So this is what football has come to, a vehicle for personal ambition, beset by the self-inflicted wounds of gross mismanagement, hostage to television money and purchasing power. It is a parable of collective insanity that has a blood relative in practically every Premiership location.

Earlier this week, the England coach Sven Goran Eriksson was pictured entering Abramovich's London residence in the company of Pini Zahavi, who brokered the deal with Chelsea. A blurred, hastily taken snap emphasised that Eriksson doesn't begin to understand the meaning of discretion. The probability is that Abramovich wanted Eriksson's advice - in itself a potentially embarrassing involvement in the targeting of English Premiership players but speculation was inevitable, leading to a statement by Eriksson reaffirming his loyalty to the Football Association.

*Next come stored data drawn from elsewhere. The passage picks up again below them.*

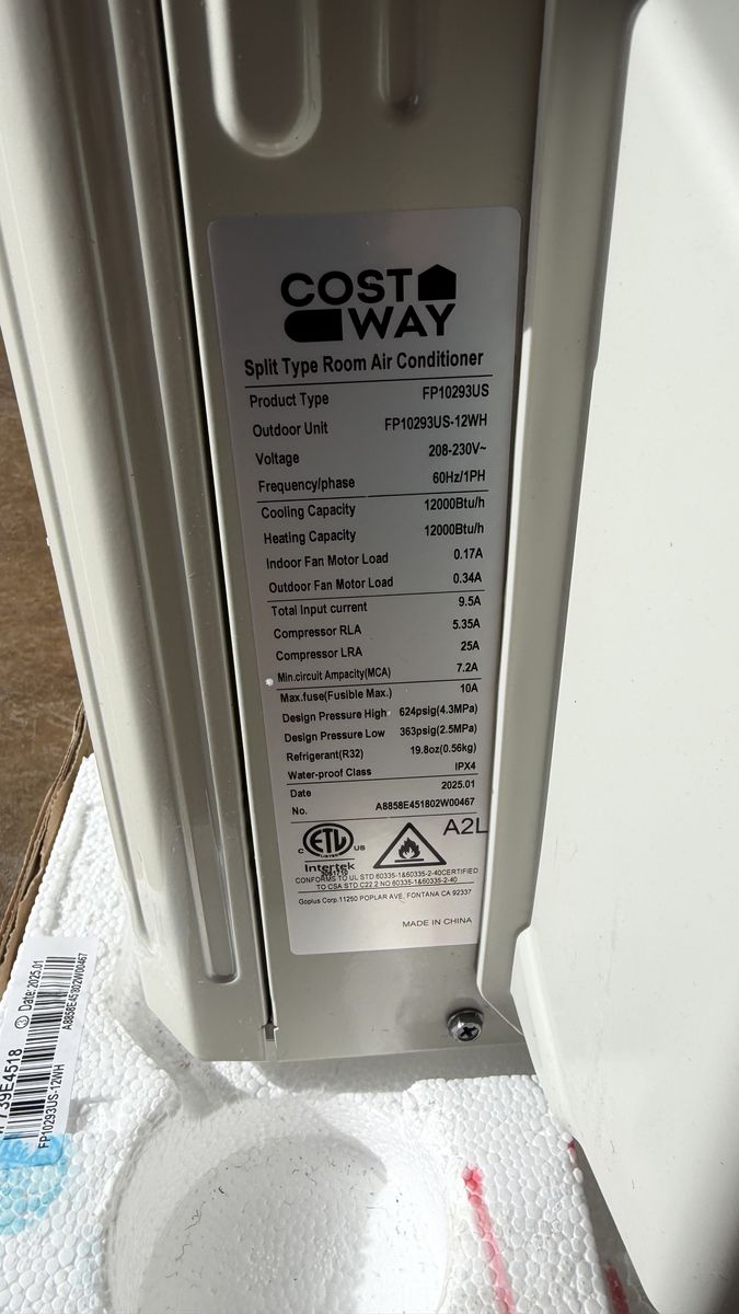 Costway Mini Split Condenser (New) + Line Set Included
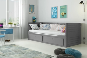 Łóżko młodzieżowe dwuosobowe rozkładane HERMES 80X200 z materacem i szufladą, grafitowe
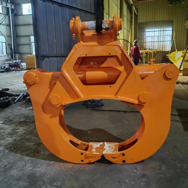 The excavator mechanical grab is driven by bucket cylinder, no additional hydraulic block and pipeline are needed.

Since this is not the first time that Eriksson has raised questions about his future, and he is said to miss the daily involvement of club football, it's no wonder that many suspect he won't be on the FA payroll after next year's European Championship finals, assuming that England qualify.

Neither is it any wonder that football supporters generally are growing more and more confused. Bombarded with games on television, they have become sophisticated to the point where they can distinguish between a good game and a bad game. If fans didn't switch on every time there's a TV game, or if they switched off midway through every bad game, TV ratings would plummet. A dialogue of whether the game has peaked would begin. Advertisers and sponsors would desert the sinking ship. The financial structure of football, built on the foundation of television revenue, would crumble. Players forced to take savage salary cuts - it's already happening - would quit.

It's a shocking proposal to put to Abramovich. What do they think he's bought into the game for - sport?